Here is an examle user-data.ps1 file I use (slightly modified from one Adam Edwards shared with me):

<powershell>
 
$user="testuser"
$password="yomama"

"[System Access]" | out-file c:\delete.cfg
"PasswordComplexity = 0" | out-file c:\delete.cfg -append
"[Version]"  | out-file c:\delete.cfg -append
'signature="$CHICAGO$"'  | out-file c:\delete.cfg -append

net user /add $user $password;
net localgroup Administrators /add $user; 
 
winrm quickconfig -q
winrm set winrm/config '@{MaxTimeoutms="1800000"}'
winrm set winrm/config/service '@{AllowUnencrypted="true"}'

netsh advfirewall firewall set rule name="Windows Remote Management (HTTP-In)" profile=public protocol=tcp localport=5985 remoteip=localsubnet new remoteip=any
 
</powershell>

Here the user is first created, given admin rights and finally winrm is setup.


#4

User data is slightly different but does the same thing:
-Enable WinRMI
-Restarts winrm service
-Disables proxy
-Set admin’s password to known one which would be used during bootstrap process.
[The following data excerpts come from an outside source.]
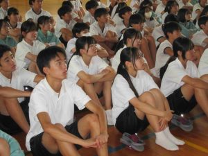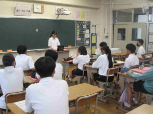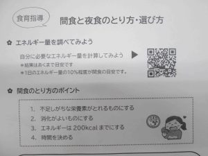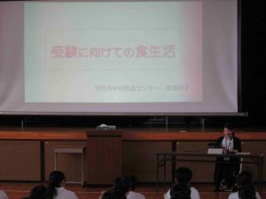 今日の5,6時間目に、「食」について学習しました。給食センターの栄養教諭の先生にきていただき、色々と説明を聞きました。2年生は「間食・夜食の取り方」3年生は「受験にむけての食生活」というテーマのお話でした。一日にどれだけのエネルギーを摂取すればよいのか、朝食と成績の関係など、改めて食というのは大事なことだと認識しました。
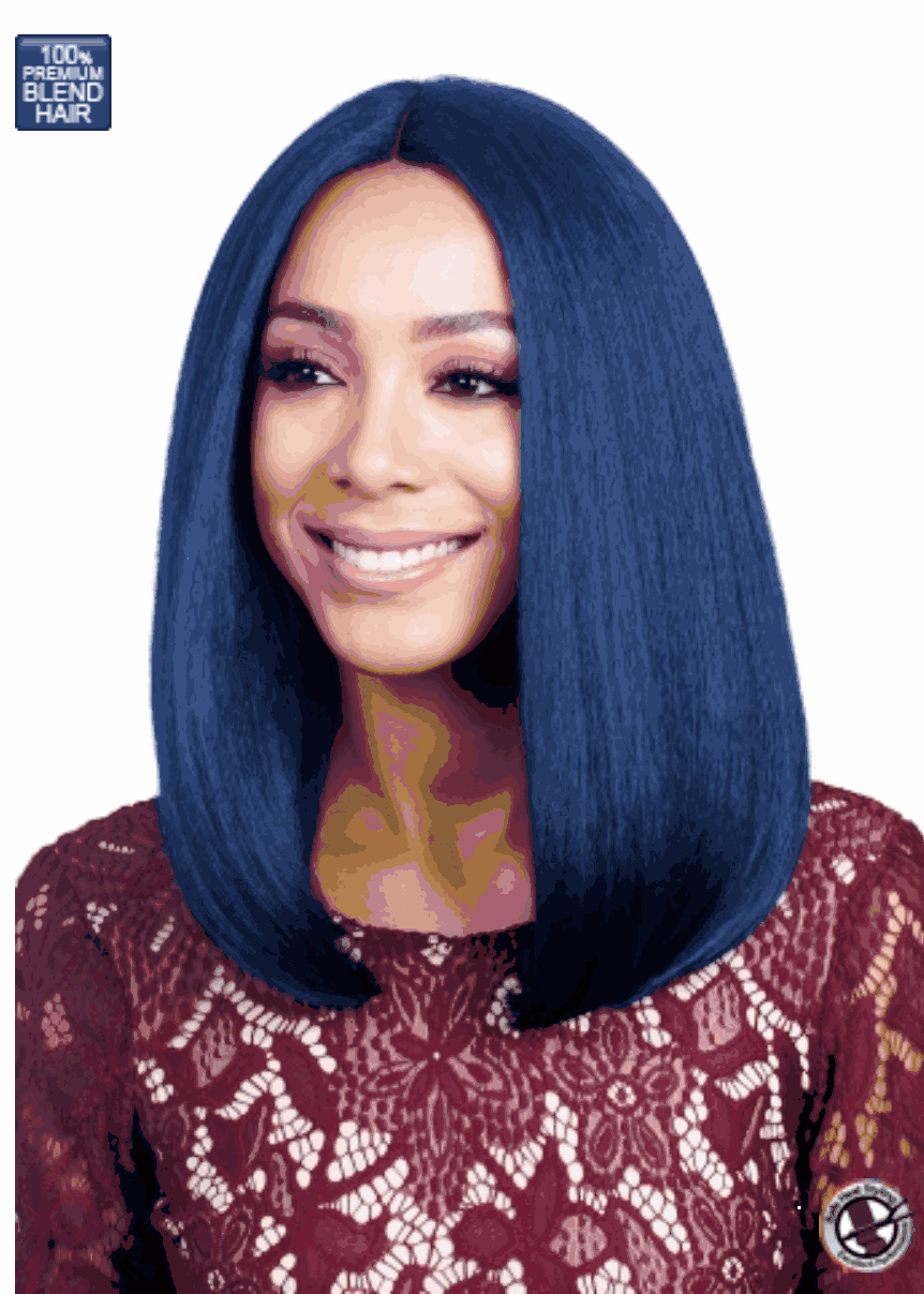 • Item: MBLF90 JUBA • Class: WIG • Material: Blend with 100% Human Hair • Color Shown: INVBLUE
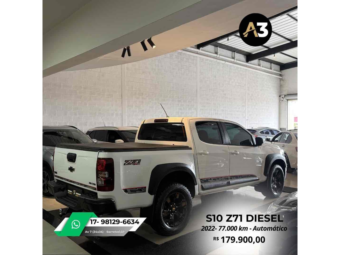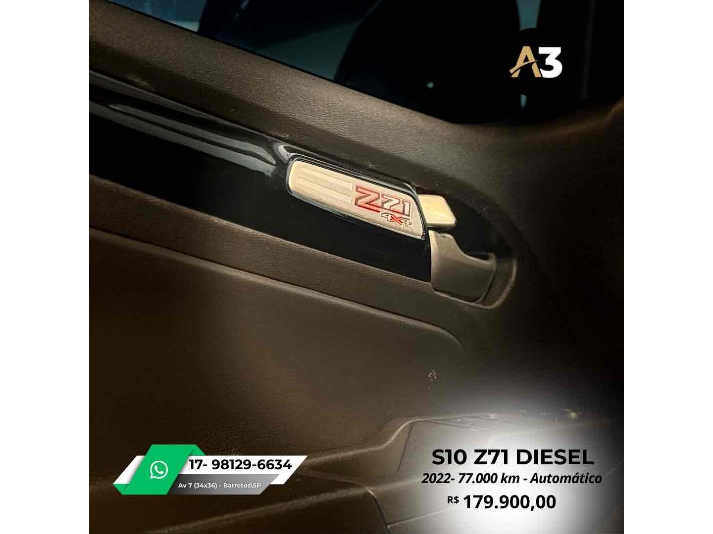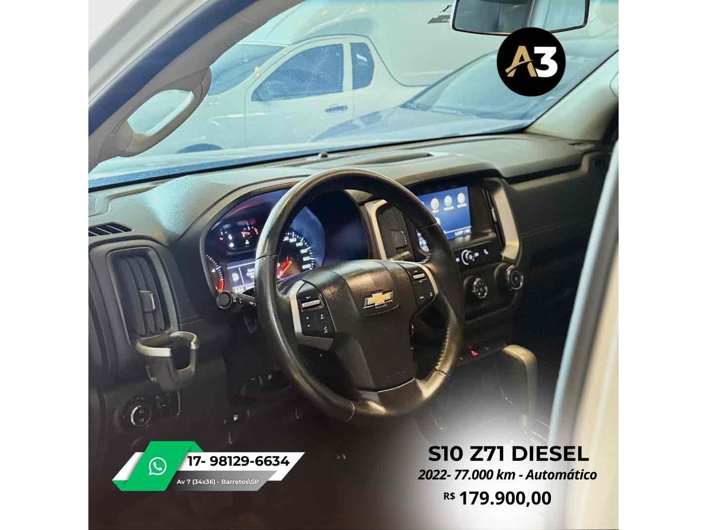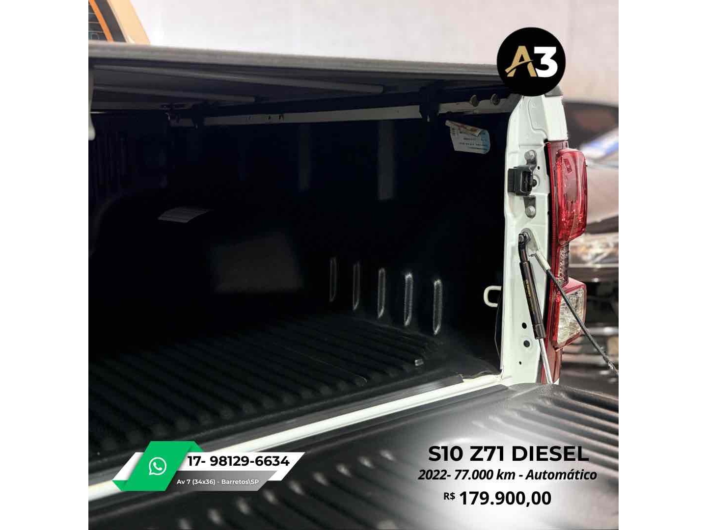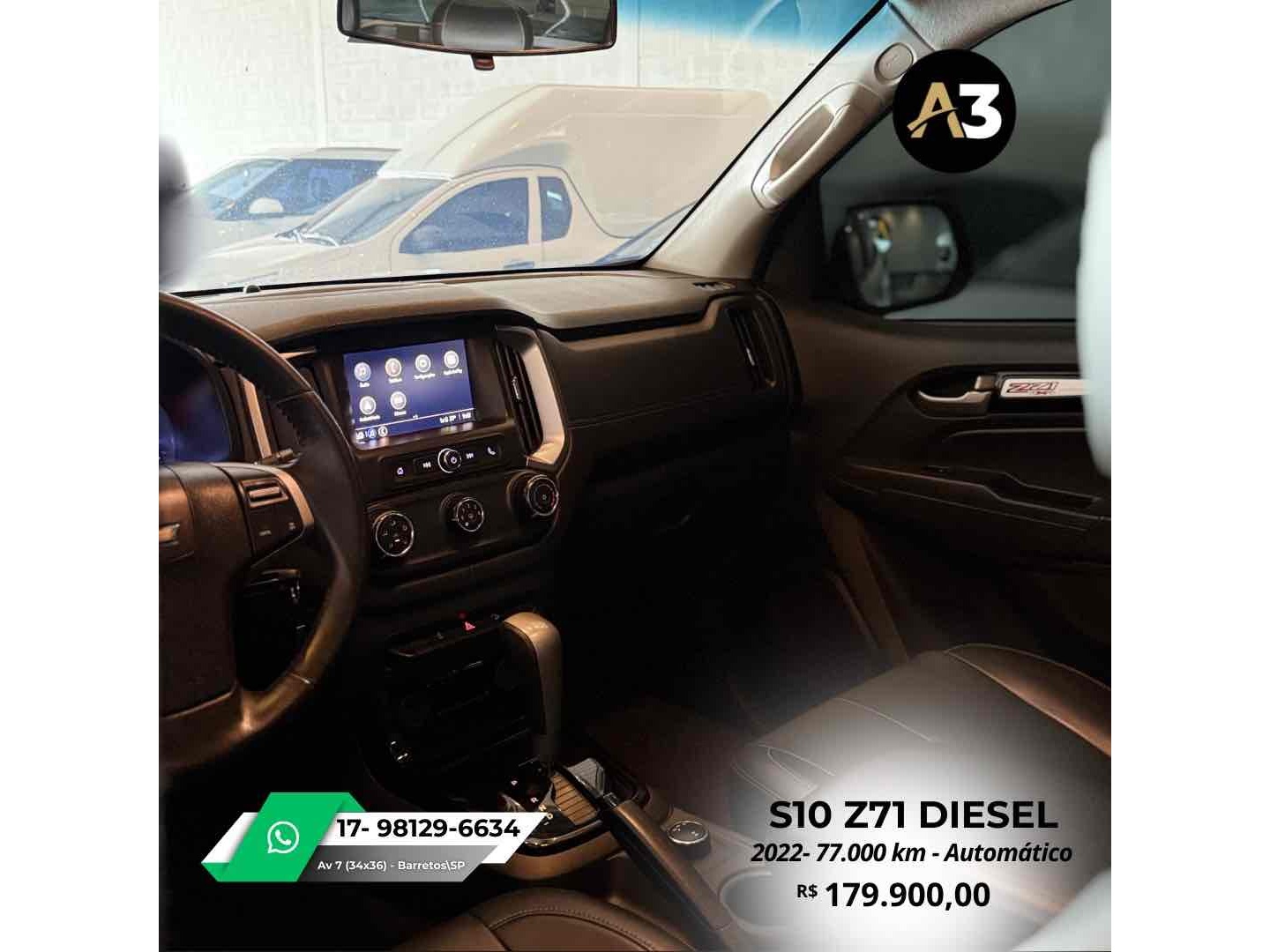 S10 Z71 2022 DIESEL*77.000 Km*Todas Revisões na Css*Pneus novos | Sem retoques*Estepe sem uso | Caçamba sem usoDireção elétrica assistidaAjuste elétrico do retrovisorBancos em couro Mídia C/ CarPlayAssistência em rampa Câmera de ré Sensor de estacionamentoTração 4x4DRL Led Controle de tração e estabilidadeMotor 2.8 Turbo Diesel ~ 200cv R$179.900
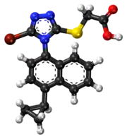 Lesinurad is a white to off-white powder and is not hygroscopic. It is a 1:1 racemic mixture of atropisomers.[9]
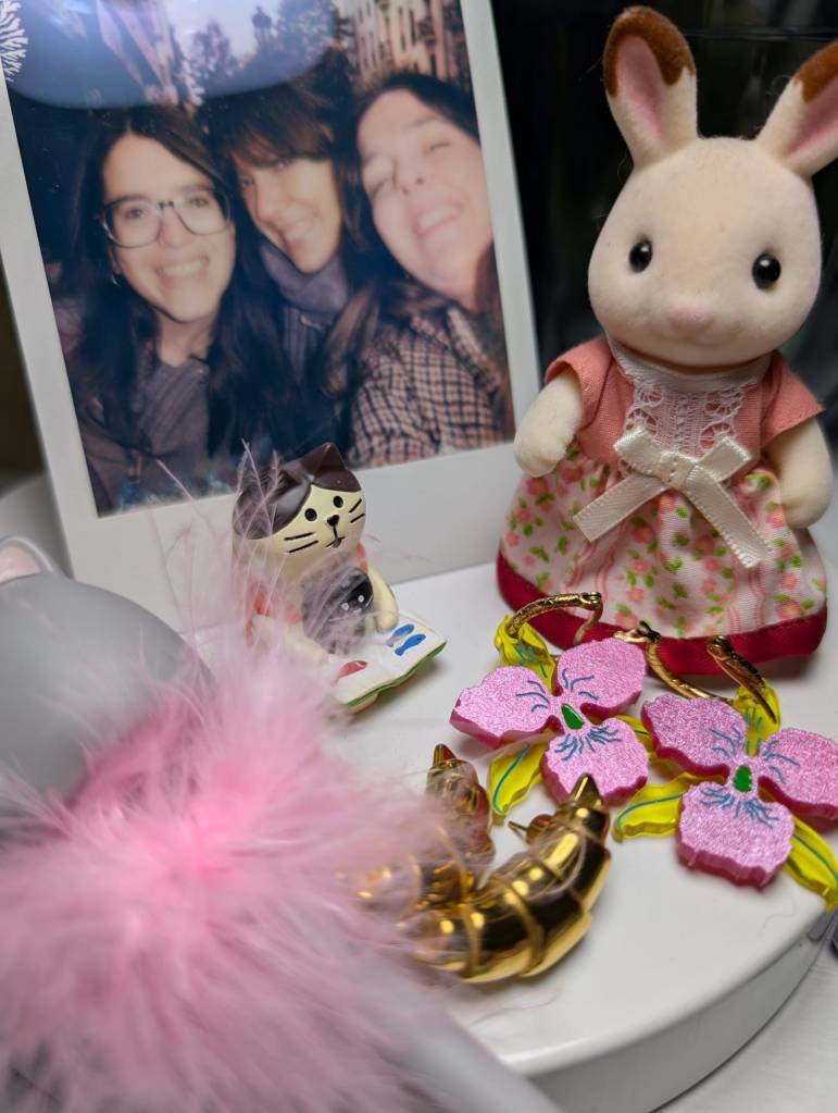 Eso seguro que no te lo esperabas. Igual que no te esperabas compartir espacio con dos pares de pendientes –unos me los trajeron los Reyes Magos y son dos flores tropicales fucsias y amarillas, y otros me los regalaron mis compañeros cuando cumplí 36 y monté un karaoke temático de Taylor Swift, y son dos cruasanes– un muñeco de un gatito que me regaló Cris cuando le conté que estaba pocha, un Ternurín conejo con un lazo en la cintura y una polaroid con dos de mis mejores amigas: Marta y Nuria. Tú no las conoces pero son como un dúo musical pero de los que no se enfadan ni luchan con sus egos gordos a ver quién ha sacado la mejor estrofa para la mejor canción. Son, cómo decirte, un soplo de magia; si se te acercan, las plumas rosas que te cuelgan, echarán a bailar y te harán cosquillas, y ya no serás jamás la misma persona, que sé que no eres persona, sino objeto, pero yo creo que en el fondo todos los bolis sois un poco personas porque tenéis la capacidad de dar vida a esos mensajes e historias que, de otro modo, solo vivirían en el silencio de la cabeza de un alguien cualquiera.

I have never managed to bootstrap instance in one step. Even knife bootstrap windows rmi ... fails if executed intermediately after failure of knife ec2 server create .... I repeatedly invoke knife bootstrap windows rmi ... which fails with different error message (depending on the state of winrm service). After few minutes it succeeds.
It is easy to draw conclusion that preconditions were not fulfilled to bootstrap instance. It is reproducible. It fails every time.
As a quick work around I will create custom AMI with installed chef client. I will specify user data which invokes first run of chef (which in turn registers node with chef server).


#5

How about changing your user-data to execute in this order:
-Disables proxy
-Set admin’s password to known one which would be used during bootstrap process.
-Enable WinRMI

This way your user has correct credentials as soon as WinRM becomes accessible.
Also, restarting winrm after enabling it is typically not necessary.


#6

Actual order of invocation is:
-Change password
-Configure WinrM
-Configure firewall
and
net stop winrm
sc.exe config winrm start=auto
net start winrm

I have checked fresh EC2 instance. WinRM service is set to autostart (delayed) but it is not running. It means “net stop winrm” will do nothing. Changing to start auto is also not necessary. The last one is needed: net start winrm. I am testing with t2.micro instances (1 CPU 1 GB RAM). They need more time to boot but it should not be reason to fail. Here is not question about seconds but few minutes.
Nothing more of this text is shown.